Nunca hablamos mucho, papá era más bien silencioso. Si hablaba era para decir algo inolvidable. Poseía un sentido del humor corrosivo y avasallante. No perdonaba a nadie. Hasta la situación más terrible daba lugar a un comentario desopilante.
Ese humor fresco, espontáneo, sagaz, siempre se lo envidié. Yo adopté una visión más tenebrosa de la vida, en consonancia con la que siempre tuvo mi mamá.
Hasta en la cama del sanatorio había lugar para bromas, lo que tal vez le ayudaba a mitigar el dolor psíquico.
Físicamente papá sufría poco, los calmantes lo mantenían controlado. Pero psíquicamente su dolor no tenía parangón. Y yo lo entendía y sufría con él y por él.
Un hombre que siempre había sido activo, aún en su octava década de vida, a punto de ser derrotado por un cáncer.
Un hijo al que siempre había protegido del dolor, a punto de experimentar uno de los máximos dolores que puede enfrentar un ser humano y contra el que no valdría protección alguna.
No había funcionado ningún tratamiento y su cuadro parecía empeorar semana a semana.

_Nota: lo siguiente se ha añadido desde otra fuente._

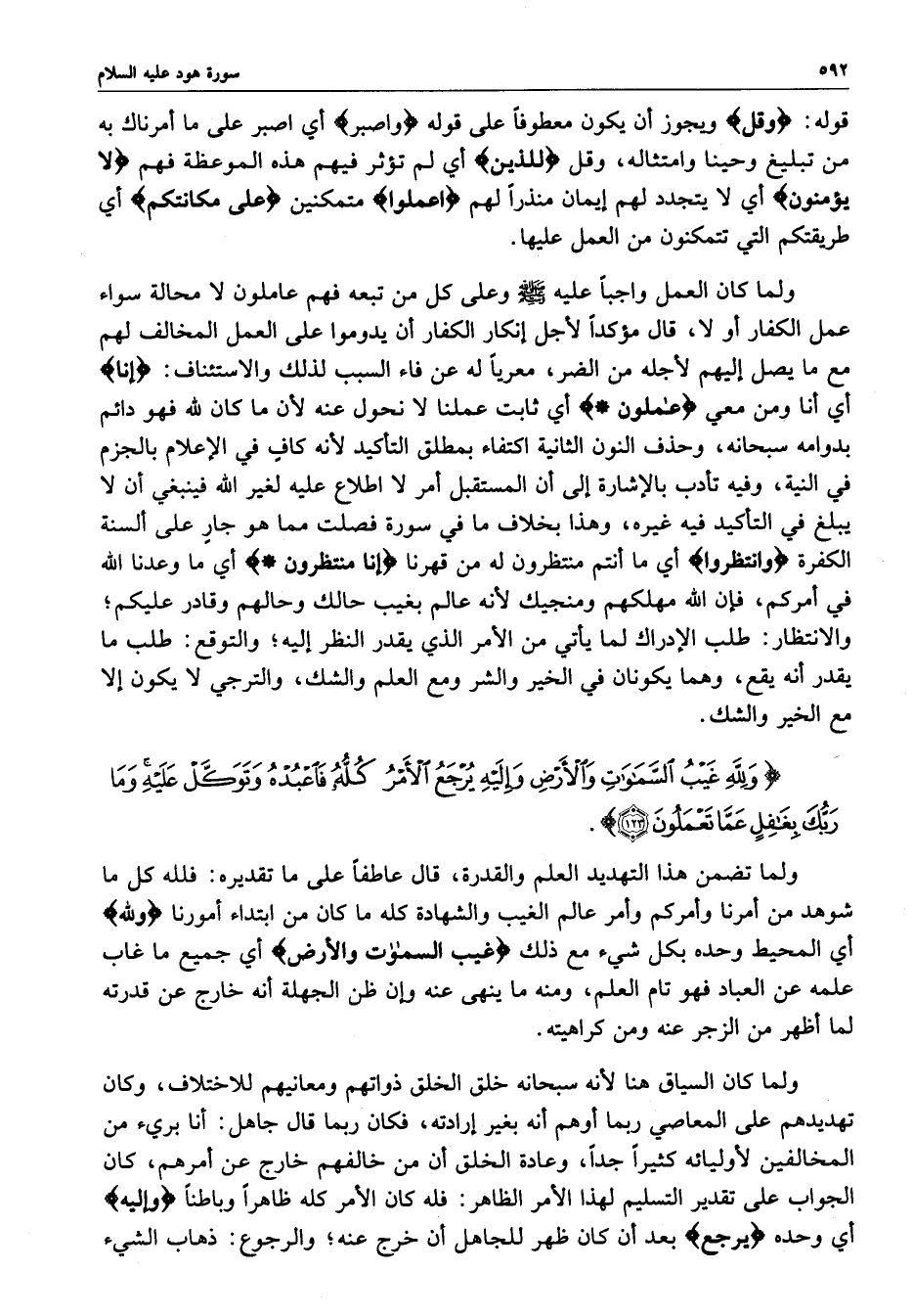 ) وَللَّهِ غَيْبُ السَّمَاوَاتِ وَالأَرْضِ وَإِلَيْهِ يُرْجَعُ الأَمْرُ كُلُّهُ فَاعْبُدْهُ وَتَوَكَّلْ عَلَيْهِ وَمَا رَبُّكَ بِغَافِلٍ عَمَّا تَعْمَلُونَ ( ( )

En poco tiempo se convirtió en un frágil bebé, que usaba pañales y al que debía dársele de comer en la boca.
Qué triste que es ver a un ídolo caído a la vera de su pedestal.

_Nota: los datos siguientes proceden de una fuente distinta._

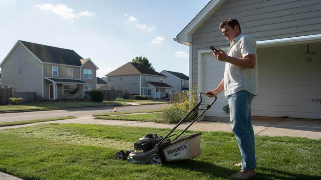 He stared at the mower, then at the notification, feeling oddly…policed in his own backyard.

Recuerdo que durante ese período yo casi no podía dormir de noche, la imagen de papá muriendo no me abandonaba y pasaba las horas sumido en una profunda desazón. No podía creer que iba a haber un día, pronto, en el que ya no iba a estar más, al menos físicamente. Nunca más, eso era lo más angustiante. Su muerte próxima me estaba ayudando a poner mi propia vida en perspectiva, mis limitaciones, mi finitud, mi frágil humanidad. Nada de lo que parecía importante en realidad lo era, ante la muerte todo cesa, es el único imposible de nuestra existencia.